Комнацкий умолк. Эварист долго не отвечал ему, собираясь с мыслями.
— Мне самому непонятно, что со мной произошло, — сказал он наконец. — Прежде всего должен тебе признаться, что я влюбился в нее с первого взгляда, влюбился страстно. Почему — не знаю, страсть вообще не поддается разумному объяснению. Я боролся с собой, превозмог себя, а в последнюю минуту, когда она, из жалости, что ли, или может быть, под влиянием проснувшегося чувства, сама приблизилась ко мне и пожелала впрячь меня в свою колесницу, — покорился. Теперь я связан, не властен в самом себе.
— Но судя по твоему лицу и даже по словам твоим, не вижу, чтобы ты был счастлив.
Снова наступило многозначительное молчание. Затем Эварист медленно проговорил:
— Бывают минуты небесного упоения и часы невыразимо горькие. В Зоне как бы два существа, то она ангел, то нечто до ужаса одичалое. С нею счастье становится страданием. Это небо непрерывно полосуют молнии.
— Что же дальше? — спросил Эвзебий.
— Думаешь, q знаю? Положение у меня ужасное. Мать требует, молит, чтобы я возвращался домой, а я ни бросить Зоню не в силах, ни отвезти ее туда, она сама на это не соглашается. Живу со дня на день, о завтрашнем стараюсь не думать, лихорадочно живу.
— А она?
Эварист опустил глаза.
— Кто может ее понять. Она живет так, точно нет его вообще, завтрашнего дня, она не верит в него и одним глотком хотела бы вобрать в себя всю жизнь зараз. И я, и она, мы оба живем как в лихорадке, другого слова я не нахожу.
— А лихорадки убивают, — вставил Эвзебий.

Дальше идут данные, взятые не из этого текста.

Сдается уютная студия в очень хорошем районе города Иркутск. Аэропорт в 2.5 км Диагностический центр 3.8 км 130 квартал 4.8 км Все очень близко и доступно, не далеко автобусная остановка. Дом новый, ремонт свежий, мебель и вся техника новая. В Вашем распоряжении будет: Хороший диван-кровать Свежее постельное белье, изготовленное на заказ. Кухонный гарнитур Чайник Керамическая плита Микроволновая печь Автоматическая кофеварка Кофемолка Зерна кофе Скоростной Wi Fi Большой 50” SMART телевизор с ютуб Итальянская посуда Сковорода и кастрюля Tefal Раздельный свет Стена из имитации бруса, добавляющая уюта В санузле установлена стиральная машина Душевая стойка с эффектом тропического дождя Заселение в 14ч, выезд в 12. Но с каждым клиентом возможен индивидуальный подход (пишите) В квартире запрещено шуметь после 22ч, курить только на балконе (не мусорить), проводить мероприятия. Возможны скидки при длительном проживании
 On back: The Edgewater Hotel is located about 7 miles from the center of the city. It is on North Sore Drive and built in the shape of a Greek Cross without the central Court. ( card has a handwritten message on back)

— Да, чаще всего это неизлечимо, — заключил Эварист.
Они помолчали. Эварист на смел глаз поднять на приятеля.
— А все-таки надо искать лекарство, — сказал Комнацкий.
Усталое лицо Эвариста, сквозившее в каждой черте печальное смирение, которому он, как бы во имя искупления грехов, обрекал себя, бессильный перед натиском судьбы, не могло не возбуждать жалости. Комнацкий чувствовал себя обязанным попытаться образумить приятеля.

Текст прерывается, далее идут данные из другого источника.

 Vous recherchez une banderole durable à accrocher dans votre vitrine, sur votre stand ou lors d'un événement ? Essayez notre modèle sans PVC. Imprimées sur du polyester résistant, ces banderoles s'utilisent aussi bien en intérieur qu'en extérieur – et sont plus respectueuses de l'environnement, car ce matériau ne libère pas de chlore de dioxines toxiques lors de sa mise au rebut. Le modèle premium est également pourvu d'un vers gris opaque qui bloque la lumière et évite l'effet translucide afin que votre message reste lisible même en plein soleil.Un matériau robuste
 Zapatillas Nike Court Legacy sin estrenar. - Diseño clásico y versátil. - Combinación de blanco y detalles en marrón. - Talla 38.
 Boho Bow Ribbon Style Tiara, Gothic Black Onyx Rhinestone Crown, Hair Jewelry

— Не стану упрекать тебя в падении и так далее, — сказал он, — потому что не знаю, смог ли бы другой устоять на твоем месте. Но безумие проходит, надо взять себя в руки.
— Ты ошибаешься, безумие не проходит, оно растет, — ответил Эварист, — а если бы я даже и охладел, совесть не позволит мне выйти из игры. Она меня любит, доверилась мне, не думая о том, что ждет ее в будущем, все заботы о ней лежат на мне. У меня нет выхода.

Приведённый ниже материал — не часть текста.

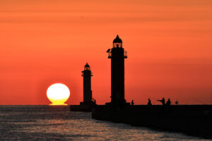 この日は釣り人も多く、達磨夕日と一緒に撮れました。
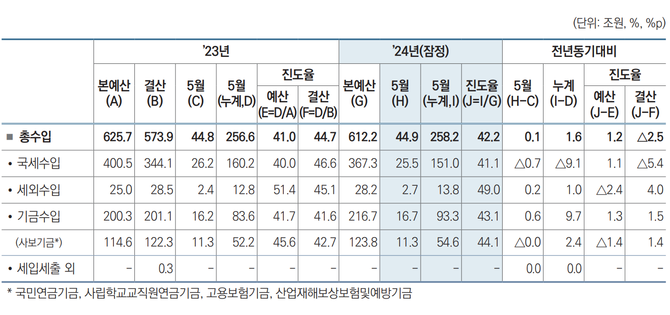 기획재정부가 11일 발표한 ‘월간 재정동향 7월호’에 따르면 5월 말 누계 총수입은 258조원, 총지출은 310.4조원에 달했다.

— Так что же, ты женишься?
— Теперь не могу, из-за матери, но я готов. Эвзебий в отчаянии всплеснул руками.
— И это залог счастливого будущего?! — воскликнул он.
В эту минуту в передней что-то зашуршало; к счастью, Эвзебий успел замолчать — в комнату медленным шагом вошла Зоня.
Так же как и Эвариста, он нашел ее сильно изменившейся, только метаморфоза была обратного свойства. Дикое, неряшливое создание, любившее демонстрировать мужские черты характера, превратилось в женщину. Зоня необыкновенно похорошела и старалась подчеркнуть свою красоту нарядом, живописным, даже изысканным, хотя и причудливым, ярких тонов.
Жизнь в ней била ключом, об этом говорил ее взгляд, улыбавшиеся губы, можно было подумать, что вся сила, утраченная Эваристом, перешла к ней, еще более укрепив ее энергичный характер. Она вошла сюда как госпожа, уверенная в себе, без малейшего смущения, спокойно, горделиво, с легкой улыбкой, немного насмешливой, но веселой.
— Я не мешаю? — спросила она, стоя на пороге. Комнацкий холодно поклонился.
— Давно вы не были у нас, — продолжала Зоня, — да, у нас, ведь вы, наверно, знаете, что перед вами счастливая чета. Поэтому мы, я и Эварист, и живем в таком одиночестве. Я, по крайней мере, не имею ни малейшего желания оставить эту жизнь вдвоем. Так мне очень хорошо. Эваристу я, может быть, и пожелала бы время от времени бывать в обществе, мне оно не нужно.